The calculation of the RMSDs to the native configuration for the 10000 poses would also take a couple of hours to caculate, therefore we can read the numpy array containing the corresponding RMSDs from the file T26.rmsds.npy in the output folder. 

In [None]:
rmsds = np.loadtxt('output/T26.rmsds.npy')

Let's add the rmsds to the 10000 poses energy scores array:

In [None]:
all_energies['RMSD'] = rmsds.tolist()

We can now depict the conformational landscape explored by the full docking algorithm according to the RMSD to the native configuration, and calculate if there is any correlation between the docked energies and this RMSD:

In [None]:
# Plot RMSD vs energies
print('Pearson correlations:')
for e in all_energies:
    if e not in ['RMSD', 'Conf']:
        plt.figure()
        plt.scatter(all_energies['RMSD'], all_energies[e])
        plt.title('RMSD vs '+e)
        plt.xlabel('RMSD [angstroms]')
        plt.ylabel(e+' [pyDock energy units]')
        print('\t', e, np.corrcoef(all_energies['RMSD'], all_energies[e])[0][1])

We observe that very few near native conformations are found, but a very big conformational space was explored by the simulation.

### Including experimental restraints in the pyDock energy function scoring

The pyDock energy function failed to identify the near-native conformations, however, if we have experimental data about mutations affecting the interaction between the protein partners, we can include them in the scoring procedure.

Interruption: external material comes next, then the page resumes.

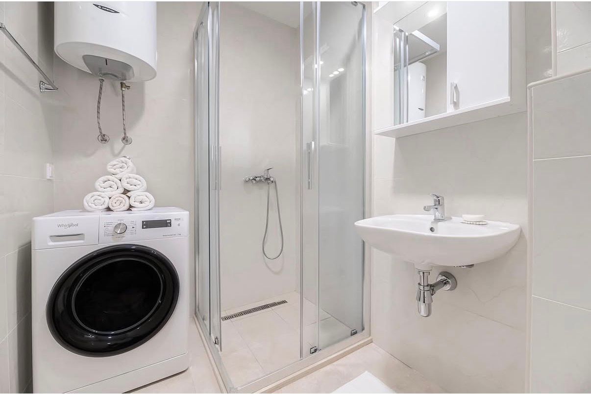 The apartment is located in close proximity to all necessary amenities such as a supermarket, bakery, pharmacy, restaurants, a bus station and a health center, making it extremely convenient for everyday life.
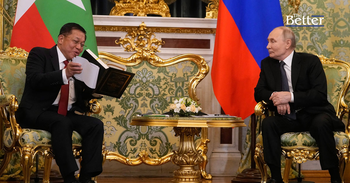 Photo - ผู้บัญชาการทหารสูงสุดของเมียนมา มิน ออง หล่าย มอบหนังสือคำทำนายเรื่องอดีตชาติให้แก่ประธานาธิบดีรัสเซีย วลาดิมีร์ ปูติน ระหว่างการพบปะกันที่พระราชวังเครมลิน ในกรุงมอสโก เมื่อวันที่ 4 มีนาคม 2568 (ภาพโดย Pavel Bednyakov / POOL / AFP)

pyDock uses distance restraints defined from a given putative interface ersidue. This restraints are stasfied if the center of coordinates of the residues' sidechain is at a distance of less than 6 angstroms from any non-hydrogen atom of the partner molecule.

For each docking solution the percentage of satisfied restraints is converted to a pseudo energy (multiplying by -1) and added to the total docking energy.

Let's rescore our poses using the following information inside our T26.ini file:

[receptor]

restr   = A.Hid.147,A.Arg.36


[ligand]

restr   = B.Phe.52

We add this extra lines to our T26.ini file, after the lines appearing in each section. After this, we run the following command to rescore the poses:

```
pydock3 T26 dockrst > dockrst.log &
```

This will create a new file in our docking folder called T26.eneRST. We read that file using our parsing function and make a new boxplot to see our distribution of values

In [None]:
rst_energies = parseEnergy('docking/T26.eneRST')

In [None]:
print(rst_energies)

In [None]:
rst_energies.boxplot()

We add to this data frame the rmsd we have previously calculated

In [None]:
rst_energies['RMSD'] = energies['RMSD'].tolist()

In [None]:
# Plot RMSD vs energies
print('Pearson correlations:')
for e in rst_energies:
    if e not in ['RMSD', 'Conf']:
        plt.figure()
        plt.scatter(rst_energies['RMSD'], rst_energies[e])
        plt.title('RMSD vs '+e)
        plt.xlabel('RMSD [angstroms]')
        plt.ylabel(e+' [pyDock energy units]')
        print('\t', e, np.corrcoef(rst_energies['RMSD'], rst_energies[e])[0][1])

We can also read the T26.eneRST file in the output folder, that contains the rescored energy for the 10000 poses:

In [None]:
rst_all_energies = parseEnergy('output/T26.eneRST')

In [None]:
print(rst_all_energies)

In [None]:
rst_all_energies.boxplot()
plt.ylim(-100,200)
plt.title('Energy values from the output/T26.ene file')
plt.ylabel('pyDock energy units')

Finally, we add the RMSDs to this new energy array and recalculate the corrleations between the energies and the RMSDs to the native configuration

In [None]:
rst_all_energies['RMSD'] = all_energies['RMSD'].tolist()

In [None]:
# Plot RMSD vs energies
print('Pearson correlations:')
for e in rst_all_energies:
    if e not in ['RMSD', 'Conf']:
        plt.figure()
        plt.scatter(rst_all_energies['RMSD'], rst_all_energies[e])
        plt.title('RMSD vs '+e)
        plt.xlabel('RMSD [angstroms]')
        plt.ylabel(e+' [pyDock energy units]')
        print('\t', e, np.corrcoef(rst_all_energies['RMSD'], rst_all_energies[e])[0][1])

### Wrapping up

In this practice session we learned how to:

1) Compile PyDock and all its dependencies.

2) Add the path of an executable to the .bashrc file for its direct execution in the terminal.

3) Run pyDock using the FTDOCK program.

4) Score docking poses with the pyDock score function.

5) Analyse the dokcing enegies using Pandas.

6) How to rescore docking poses using experimental information.